What to produce: Below this line are records; transcribe exactly the lines between the one holding "2025年10月全市环境质量状况的通报" and the one holding "在14教北201会议室召开2", inclusive, and omit the pictures.

Available records:
══════

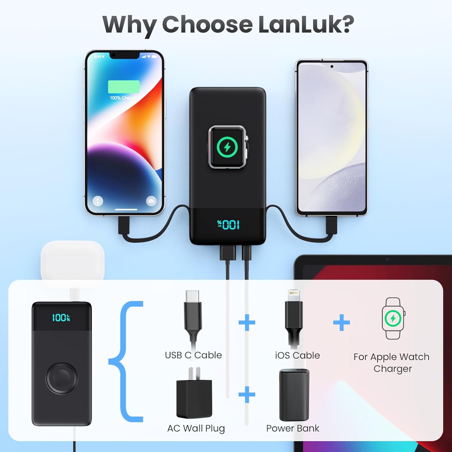 【Real 10800mAh Power Bank Charger with LCD Display】The power bank with a powerful 10800mAh capacity can offer about 2 charges for the iPhone 16/15/14/13/12, up to 25 charges for iWatch, 1.2 charges for iPad. Intuitive LCD digital display screen make the remaining power management clearly visible.
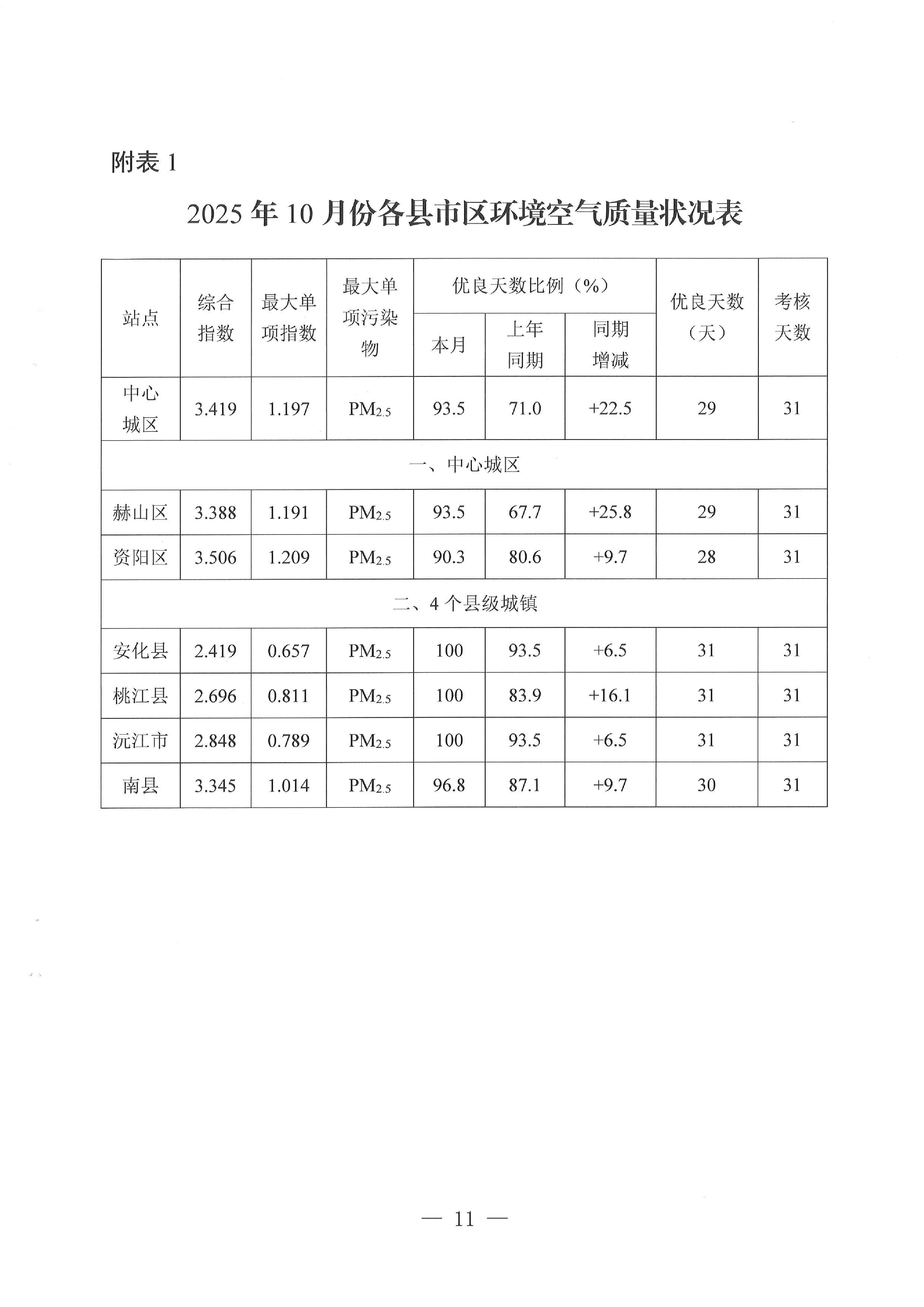 2025年10月全市环境质量状况的通报
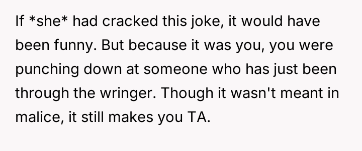 In that moment, a simple comment became a painful reminder of the delicate balance between empathy and misunderstanding.
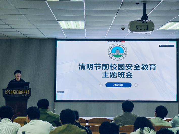 在14教北201会议室召开2025年研究生清明节假期安全班会。学院研究生辅导员王陈、兼职辅导员余海涛、全体研究生参会。
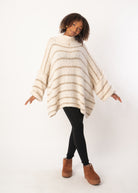 Ein kuscheliger Oversize-Pullover, der dir sofort ein Gefühl von Wärme und Geborgenheit schenkt. Das grob gestrickte Design mit hohem Kragen und weiten Ärmeln sorgt für einen entspannten Look und macht ihn zu deinem perfekten Begleiter an kalten Tagen. Kann als Pullover oder auch als Kleid getragen werden.

══════

Exercise solution:
 2025年10月全市环境质量状况的通报
 In that moment, a simple comment became a painful reminder of the delicate balance between empathy and misunderstanding.
 在14教北201会议室召开2025年研究生清明节假期安全班会。学院研究生辅导员王陈、兼职辅导员余海涛、全体研究生参会。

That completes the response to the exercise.